The Los Angeles Central Library is a shrine among the lines of tents, sleeping bags and garbage cans of downtown Los Angeles. A grand structure of depth and long gray walls, stories of books. Books, stone, and readers among the homeless, the jewelry hawkers, the law firms. The eloquence of the library - steep, narrow, dark. Like a canyon, the way the light bounces down the walls.
Paul Theroux is speaking on the history of fiction and non-fiction in Honolulu. Theroux has been attributed for injecting the vacuous genre of travel writing with a sense of truth. Decline had said goodbye to Twain, Borges, Conrad, Maugham, Stephenson. It had become 'The Best Ten Hotels in Las Vegas!', and bumbling English gentlemen on Safari.
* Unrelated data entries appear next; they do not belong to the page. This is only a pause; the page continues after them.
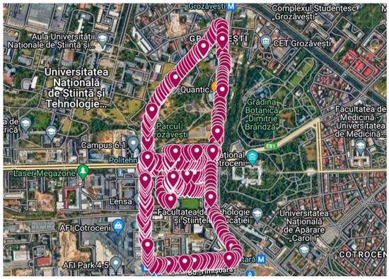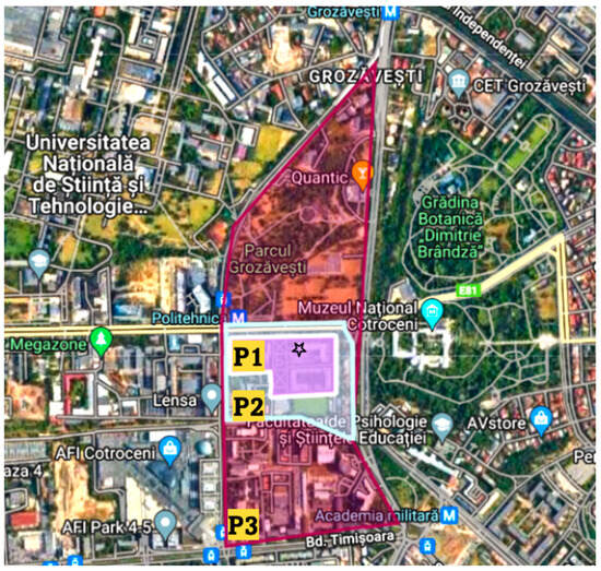 - Step 1: System Design and Technology Selection: The LoRaWAN configuration in this study operates in the EU868 MHz band, utilizing SF7 for high data rate transmission and SF12 for long-range communication. The hardware selection includes Adeunis Class A/C FTDs for RSSI/SNR measurements, configured with Over-The-Air Activation (OTAA) and 14 dBm transmission power, while Dragino LG308-EC25 gateways with LTE backhaul were strategically placed at five building levels (from the ground to the 9th floor). The experiment was conducted over a 6 h continuous operation, divided into three phases (P1, P2, and P3), in the urban area around Politehnica University of Bucharest, as shown in Figure 2. This location was chosen for its diverse architectural styles and urban infrastructure, including closely packed buildings and open areas, providing a comprehensive environment to assess LoRaWAN performance in dense urban settings.
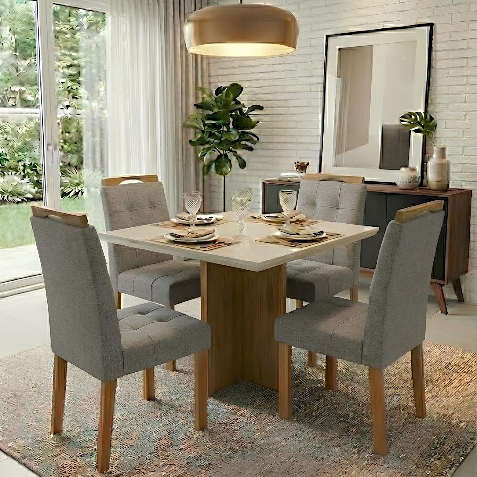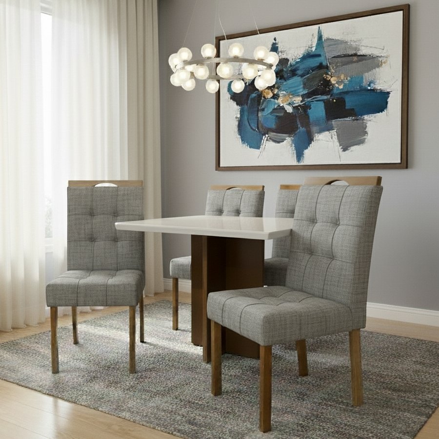 Mesa Salinas/Helô/Los Angeles 90 Cinamomo/Off White com 4 Cadeiras Sophia Linho Cinza Grafite 206 – CEL MÓVEIS + WM DECO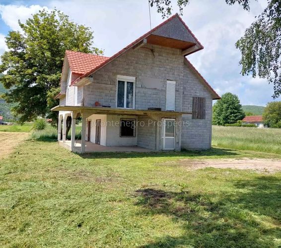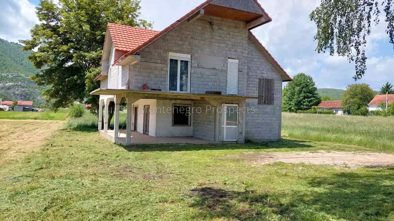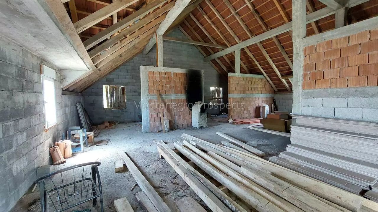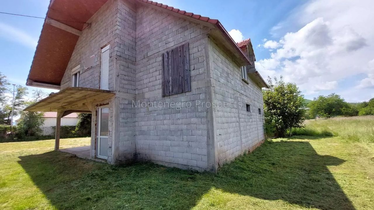 Продается недостроенный дом площадью 220 м2 (зарегистрированная площадь одного этажа 46м2), расположенный на участке 2.032 м2 в районе Горнье Поле — тихой и семейной зоне города Никшич.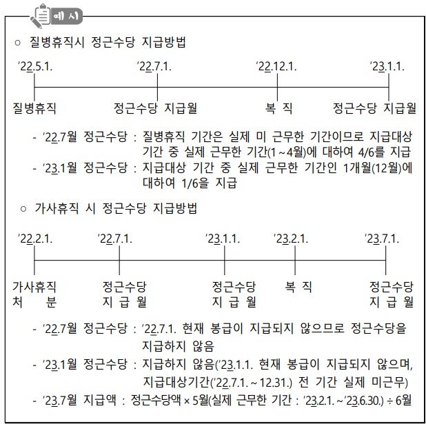 나) 신규 임용된 공무원과 직위해제 또는 휴직처분을 받은 공무원의 경우에는 해당 지급대상 기간 중 공무원으로 실제 근무한 기간(직위해제 처분기간은 실제 근무하지 않은 기간으로 보고, 지방공무원 보수규정 제14조제1호제3호 제3호의2 제3호의3에 따른 휴직기간과 공무상 질병 또는 부상에 의한 휴직기간은 실제 근무한 기간으로 본다)에 따라 아래의 산식과 같이 계산하여 지급한다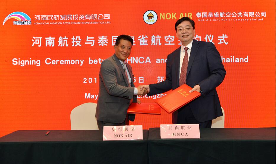 On May 15th , Chairman of HNCA, Zhang Mingchao and CEO of Nok Airlines,Patee Sarasin,signeda MoU. In accordance with the MoU, both parties will carry on further cooperation on aviation and related fields by bringing out the advantages of both parties in order to complement each other and develop joint prosperity。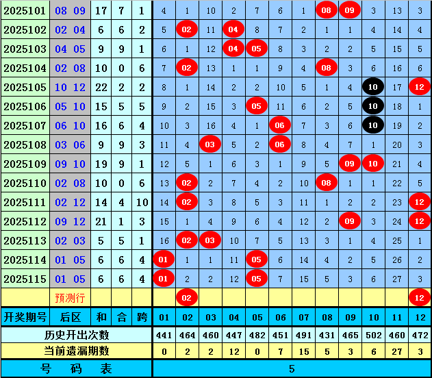后区分析【一区01-04,二区05-08,三区09-12】:上期后区奖号为01和05,分别落在第一、二区,近50期后区三区比为39:28:33,近10期三区比为7:6:7,本期注意第一、三区号码出现,关注两码02+12。
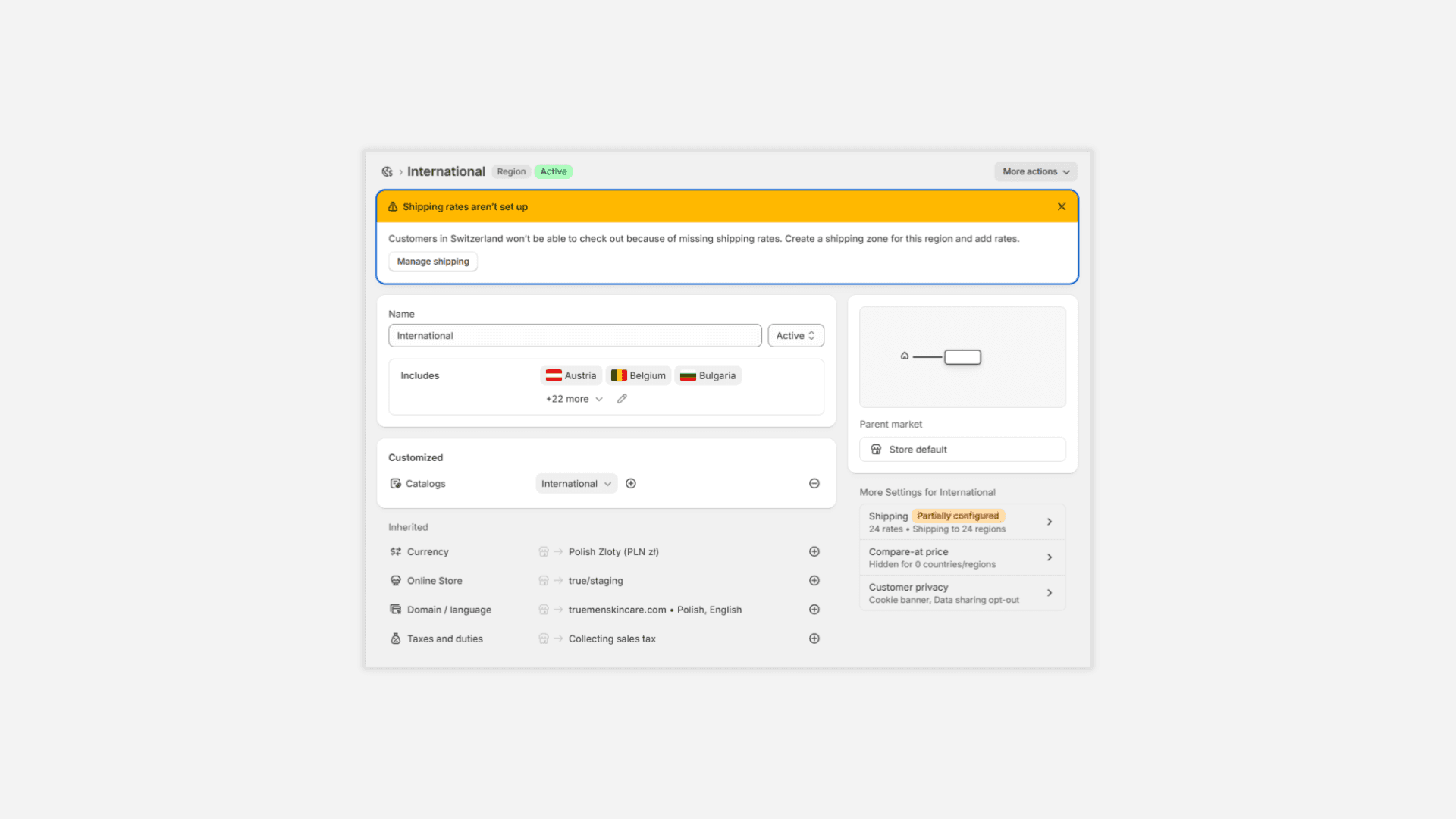Uruchom Shopify Markets Pro: waluty, podatki, cła w checkout, płatności per rynek.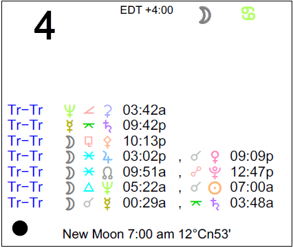 - A New Moon occurs today at 7:00 AM in Cancer.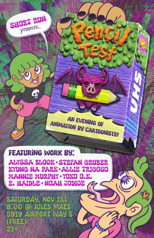 Pencil Test: Underground Animation Showcase curated by Portland artist Mannie Murphy featuring Murphy, Yoko OK, Stefan Gruber, E. Haidle, Allie Trigoso, Noah Jodice, Alyssa Block, and Kyung Na Park, optional Bacon Strip drag show to follow (tickets required).
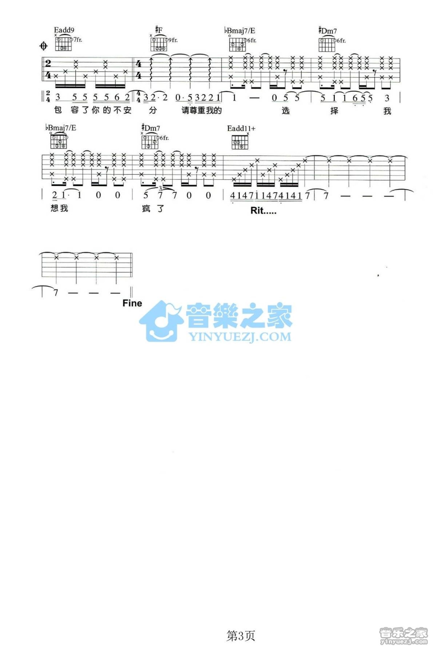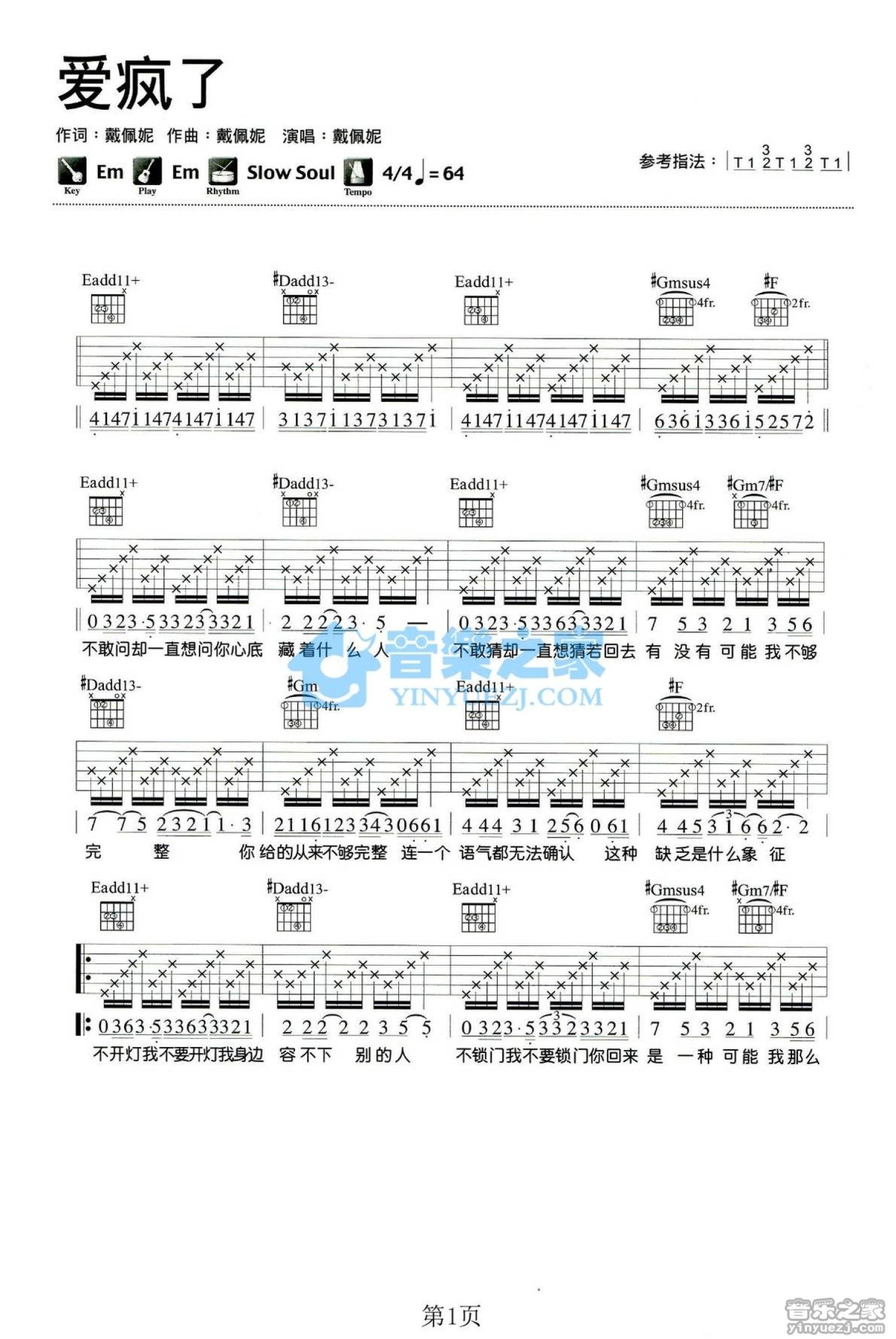 曲谱介绍: Em调版 戴佩妮《爱疯了》吉他弹唱六线谱

Attracted by his travel non-fictions and fictions since eleven (he winced in partial-insult when I told him this), I have come here to observe his audience, which I suspected would be a rare cross-section of young travelers, mischief-makers and aspiring writers. What I find is aging peace-corps renegades, literary snobs and wrinkled bookworms.
"Are you a traveler?" a lady in a hat asked me. Another said, "the Book Faire is the real thing. I met Salman Rushdie."
Another asked Theroux, "How are you able to write both fiction and non-fiction?"
"Travel writing is easy. You have a beginning, a middle and a destination already prepared for you. The end is already written."